We elaborated on that holding in Chrysler Credit Corp. v. McKinney, 456 So. 2d 1069 (Ala.1984), wherein the trial court asked a group of prospective jurors whether each of them could read and write and all indicated by silence that they could. Following the trial, counsel for the defendant learned that one of the jurors was both illiterate and hearing-impaired; counsel moved for a new trial on that basis. This Court reversed the trial court's denial of a motion for new trial, stating, in pertinent part:

"We have held that the statutory prerequisite to jury service requiring the absence of any conviction of an offense involving moral turpitude is an absolute, and that such a conviction is an automatic disqualification from jury service where the juror was asked that question and failed to respond. In Beasley v. State, 39 Ala.App. 182, 96 So. 2d 693 (1957), we held that the failure of a prospective juror to answer truthfully when asked the question concerning the conviction of a crime required a new trial. In Beasley, the prospective juror had been previously convicted of adultery. He was silent when the question concerning the conviction of a crime was asked by the trial judge, and he served on the jury. This Court held that this prior conviction was both a disqualification and a common law ground for challenge for cause. Thus, the trial court's denial of the motion for new trial based on such a disqualification was error.
"We need not decide under the facts of this case whether a new trial must automatically be granted when it is shown after judgment that a juror served who was disqualified under the statute. We do, however, hold that a new trial is mandated where a juror serves who has failed to respond to a specific question based upon a statutory disqualification."

Chrysler Credit Corp., 456 So.2d at 1071.

This Court also recently addressed this issue in Holland v. Brandenberg, 627 So. 2d 867 (Ala.1993), and McBride v. Sheppard, 624 So. 2d 1069 (Ala.1993). In Holland, we affirmed the denial of a new trial motion that was based on the fact that a convicted felon had served as a juror in the case. The trial court told the litigants' counsel several days after trial that, in an ex parte interview before trial, the juror had admitted that he had been convicted of a felony but had stated that his voting rights had been restored 14 years before the trial. The defendant then moved for a new trial, which was denied; the defendant appealed. We noted the rule set out in Chrysler; however, we emphasized *204 that in Holland the potential jurors had not been asked on voir dire whether any of them were convicted felons, and we held that the defendant had failed to exercise due diligence in ascertaining the qualifications of the juror. Likewise, in McBride, we affirmed the denial of a new trial where a juror who was illiterate served on the jury, because there was no indication that either the trial court or the movant's counsel had specifically asked the juror about his ability to read and write the English language.

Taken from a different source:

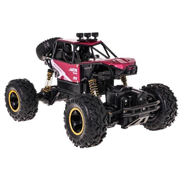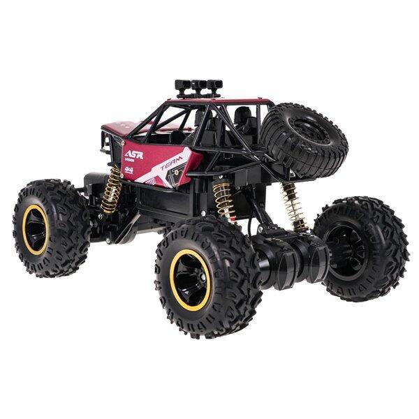 MONSTER ROCK 1:16 ir pilnpiedziņas radio vadāms kāpurķēžu automobilis sarkanā krāsā, piemērots bērniem no 8 gadiem. Lielās gumijas riepas ar protektoru un augstas kvalitātes atsperu piekare nodrošina stabilu un ērtu vadību uz jebkuras virsmas. Metāla korpuss garantē ilgmūžību, bet pilnpiedziņa ļauj viegli pārvarēt šķēršļus.
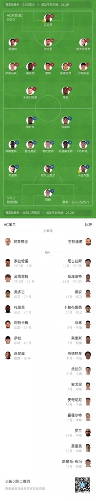 米兰替补:1-泰拉恰诺、37-皮塔雷拉、18-恩昆库、23-托莫里、24-阿特卡梅、27-奥多古、42-萨拉

In Holland and McBride, the trial court did not conduct open voir dire in the presence of the defendant's attorney, and the attorneys failed to conduct their own voir dire to ask the jurors about their qualifications under § 12-16-60. In the instant case, the trial court specifically asked the prospective jurors, in the presence of Payne's counsel, whether any of them were convicted felons whose voting rights had not been restored, and Holland remained silent.

Both the plaintiff and her attorney had a right to rely on Holland's response to qualifying questions asked by the trial court; a party, in order to acquit himself of lack of diligence with reference to a juror's qualifications, is not required to conduct voir dire examination that would be a repetition of that already conducted by the court. Lollar v. State, 422 So. 2d 809 (Ala.Crim.App.1982); Slay v. State, 338 So. 2d 3 (Ala.Crim.App. 1976).

The trial court properly granted Payne's motion for a new trial. The new trial order is affirmed.

AFFIRMED.

HORNSBY, C.J., and ALMON, HOUSTON, and INGRAM, JJ., concur.